The task: Repeat the stretch of entries below from the line with "RADHIKA LIFE STYLE" through the line with "US Silver Dimes". Include both ends and add nothing.

Material for this task:
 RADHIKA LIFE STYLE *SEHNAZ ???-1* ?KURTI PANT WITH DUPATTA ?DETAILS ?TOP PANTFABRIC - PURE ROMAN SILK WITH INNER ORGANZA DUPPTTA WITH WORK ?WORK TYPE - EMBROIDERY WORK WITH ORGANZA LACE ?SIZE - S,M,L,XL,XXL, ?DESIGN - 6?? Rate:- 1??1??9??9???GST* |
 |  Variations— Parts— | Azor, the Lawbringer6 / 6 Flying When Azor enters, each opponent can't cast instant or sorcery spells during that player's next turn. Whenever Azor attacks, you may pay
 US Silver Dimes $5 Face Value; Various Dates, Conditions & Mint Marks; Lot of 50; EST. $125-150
--
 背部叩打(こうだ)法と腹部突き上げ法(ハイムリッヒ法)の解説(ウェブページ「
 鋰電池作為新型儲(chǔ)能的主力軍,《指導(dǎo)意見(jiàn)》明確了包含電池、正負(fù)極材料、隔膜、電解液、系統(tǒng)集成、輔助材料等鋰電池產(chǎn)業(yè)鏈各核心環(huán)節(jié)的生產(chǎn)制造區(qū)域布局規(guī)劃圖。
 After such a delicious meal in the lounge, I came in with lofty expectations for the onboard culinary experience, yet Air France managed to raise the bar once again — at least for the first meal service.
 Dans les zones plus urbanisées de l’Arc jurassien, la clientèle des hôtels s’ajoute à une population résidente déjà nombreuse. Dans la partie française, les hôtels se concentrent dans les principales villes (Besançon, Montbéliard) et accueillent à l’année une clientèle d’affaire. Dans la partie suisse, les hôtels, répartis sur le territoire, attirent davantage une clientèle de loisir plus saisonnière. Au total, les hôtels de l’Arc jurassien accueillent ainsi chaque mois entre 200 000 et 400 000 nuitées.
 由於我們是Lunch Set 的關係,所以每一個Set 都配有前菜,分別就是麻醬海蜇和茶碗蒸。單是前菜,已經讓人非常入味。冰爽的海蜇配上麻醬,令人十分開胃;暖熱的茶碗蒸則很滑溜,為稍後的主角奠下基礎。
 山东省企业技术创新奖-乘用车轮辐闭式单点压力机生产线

Solution for this task:
 RADHIKA LIFE STYLE *SEHNAZ ???-1* ?KURTI PANT WITH DUPATTA ?DETAILS ?TOP PANTFABRIC - PURE ROMAN SILK WITH INNER ORGANZA DUPPTTA WITH WORK ?WORK TYPE - EMBROIDERY WORK WITH ORGANZA LACE ?SIZE - S,M,L,XL,XXL, ?DESIGN - 6?? Rate:- 1??1??9??9???GST* |
 |  Variations— Parts— | Azor, the Lawbringer6 / 6 Flying When Azor enters, each opponent can't cast instant or sorcery spells during that player's next turn. Whenever Azor attacks, you may pay
 US Silver Dimes $5 Face Value; Various Dates, Conditions & Mint Marks; Lot of 50; EST. $125-150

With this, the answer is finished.